Half of the participants received no treatment approach. They thought probably that LET is a self-limiting condition. However, LET is not self-limiting and is associated with ongoing pain and disability in a substantial proportion of sufferers [12]. 40% of participants received drugs, painkillers, and/or NSAIDs. Oral NSAIDs carry the risk of gastrointestinal bleeding, myocardial infarction, and stroke, as well as rarer side effects [13]. There is a lack of evidence to suggest that NSAIDs are effective for LET [14]. There appears to be a risk that clinicians are offering patients false hope by providing treatments that are not clinically effective [1]. 10% of participants received acupuncture and electrophysical agents. These treatments were ineffective.

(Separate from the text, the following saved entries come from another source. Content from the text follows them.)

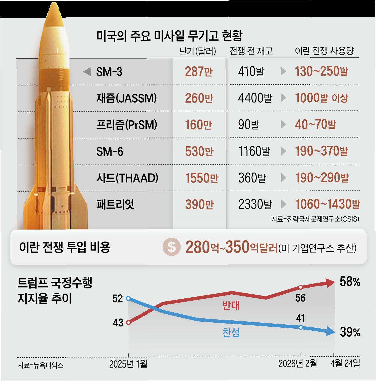 A.이란과의 전쟁 초기 대규모 무기 사용으로 인해 장거리 스텔스 순항미사일 등 첨단 무기 탄약 재고가 심각하게 감소했습니다.
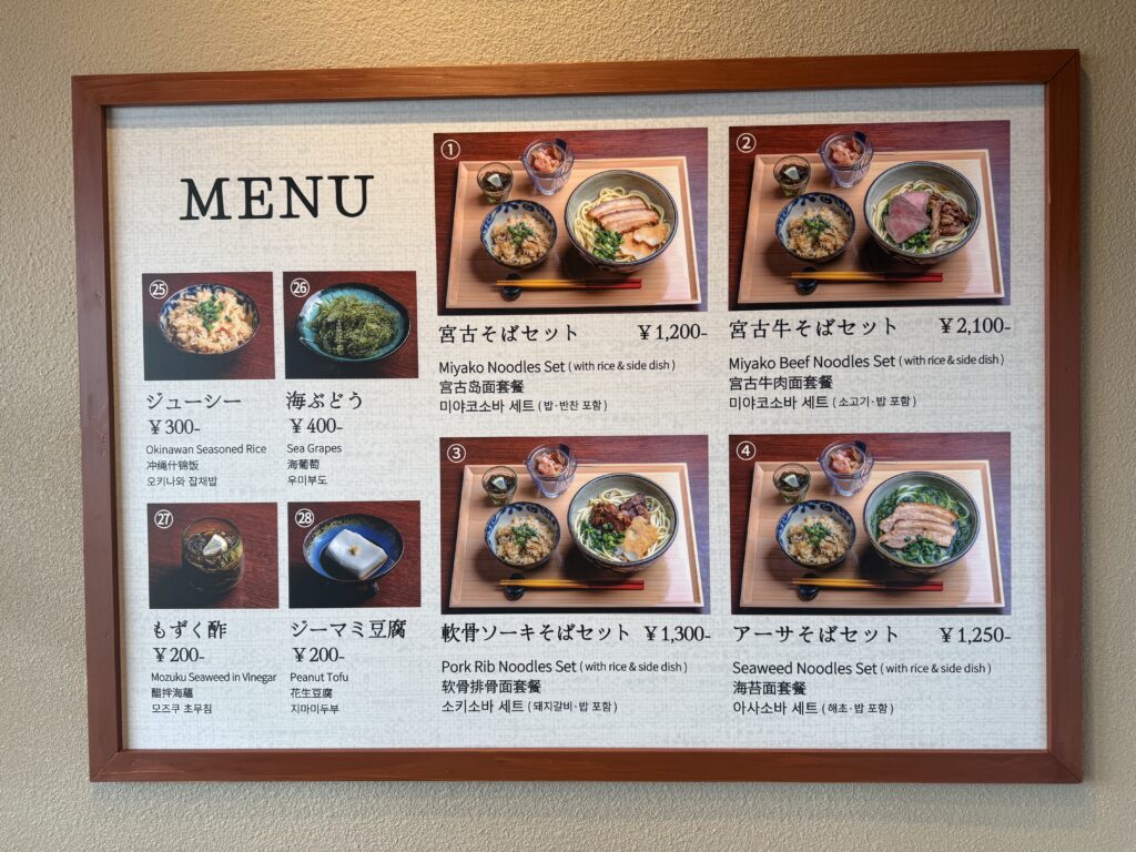 壁の解説やメニュー案内がとても丁寧なので、初めて宮古そばを食べる方にも親切なお店です。
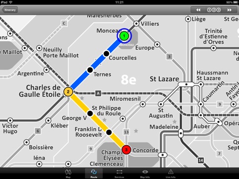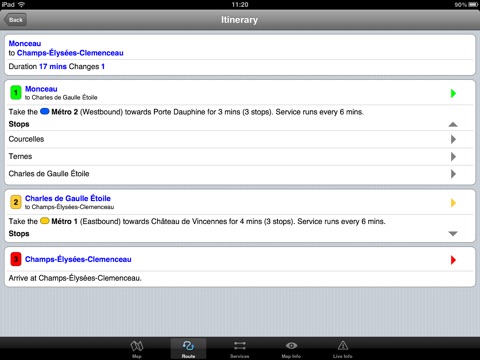 Comprehensive details of your planned route are provided, including changes, directions of travel, number of stops, predicted journey times, etc. Uniquely this application gives you “direction”, “towards” and “service frequency” information (not available on any other offline journey planner) for example “Take the Métro (Southbound) towards Châtelet for 10 mins (6 stops). Service runs every 7 minutes” which is essential when trying to find the correct platform and connection. Also given are alternatives for each leg of the journey.
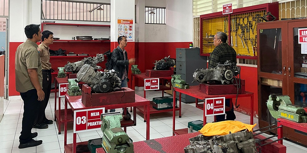 JAKARTA-Dalam upaya meningkatkan kualitas pendidikan vokasi di bidang Teknik Sepeda Motor (TSM), PT Wahana Makmur Sejati (WMS) didukung PT Astra Honda Motor (AHM) lakukan kunjungan ke SMK mitra binaan wilayah Jakarta Barat dan Jakarta Pusat.
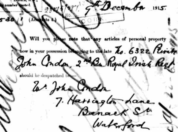 1913 Oct 24 Enlisted in Royal Irish Regt Special Reserve. He gave his dob as 24 Oct 1895

The above treatments are not used as a stand-alone treatment. The most effective physiotherapy treatment for LET is an exercise program, in the clinic or supervised [15]. Electrotherapy agents and acupuncture are used as a supplement to an exercise program and not as a substitute for exercise [16]. The strength point of this trial is that this is the first questionnaire study exploring the impact of LET on patients’ everyday lives. We acknowledge though that survey studies draw on the opinions of those questioned and may not be truly representative of the wider population. The answers presented are from people accessing clinicians for LET and so may not reflect the aspects of those who do not access practicians for LET, due to lower symptom severity, stoicism, or inaccessibility. This may exclude some underserved groups [1].
Conclusions
A questionnaire-based survey was conducted to understand the lived experiences of people with LET. Repetitive activity was the most common cause of LET. Pain, loss of function, and decrease in strength were the symptoms of LET patients affecting everyday activities and hobbies. Although patients searched for online advice, they did not follow online treatment as they did not understand the condition after online searching. Finally, participants received no treatment or ineffective treatment. The present study provides a stimulus for physicians to think about the advice and treatment provided for LET patients.